The Court of Appeal have today handed down their judgment in Morris v Metrolink RATP Dev Ltd. The case concerned automatic unfair dismissal under s.152 TULRCA 1992, confidential data leaks and misconduct. Changez Khan acted for the successful Appellant.
This was a difficult case: a trade union official was dismissed for using confidential information (a manager’s diary) as part of a collective grievance on his members’ behalf. The overall question was whether this was legitimate trade union activity and whether his dismissal had been automatically unfair (contrary to s.152 TULRCA 1992). The Claimant succeeded in the ET, but suffered a reverse in the EAT. Slade J took the stern view that his case had “only a very small percentage chance of success” and issued him with a costs warning. On a further appeal, Changez was able to persuade the Court of Appeal (unanimously) to overturn the EAT and restore the original result in Mr Morris’ favour.
The lead judgment was given by Underhill LJ. It engages with two issues:
(a) what is the protective scope of s.152 TULRCA 1992?
(b) more controversially, if an employee receives leaked confidential information is he under a duty to delete it?
In summary, the Court of Appeal held that:
(a) trade union activity enjoys protection under s.152 unless it is “wholly unreasonable” (which is a high threshold for disqualification);
(b) the recipient of a confidential data leak is not under an absolute duty to delete it – rather, every case turns on its own facts and Mr Morris’ use of the information was not improper.

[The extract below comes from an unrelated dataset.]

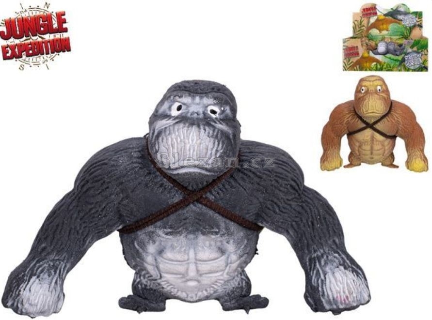 - Tato super strečová gorila z kolekce Jungle Expedition měří 10 cm a dá se natahovat, kroutit i mačkat a vždy se vrátí do původního tvaru.
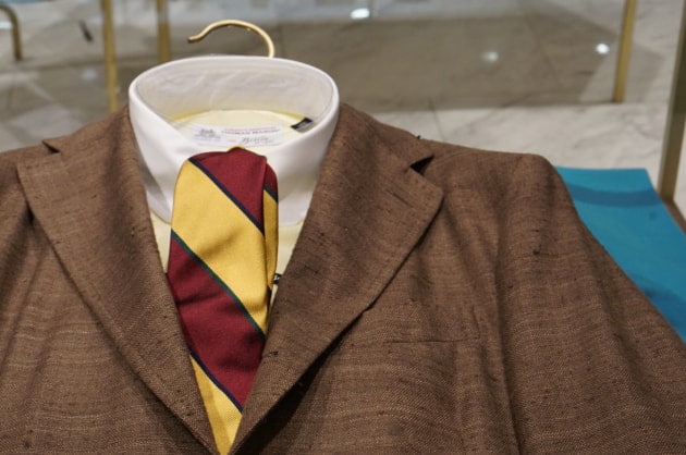 私は、ボタンダウンシャツやレジメンタルタイで、アメリカンテイストを取り入れてスタイリング。

This is a significant case. It confirms the correct approach to s.152 TULRCA. It also has a wider importance for misconduct cases where data security is used as the basis for dismissal. It cautions employers against overreacting to data breaches and rushing to characterise them as gross misconduct. There are interesting questions for future cases. At what point does a data infraction amount to misconduct? When will a duty to delete confidential information arise? A nuanced approach is required and such questions will be highly fact-sensitive.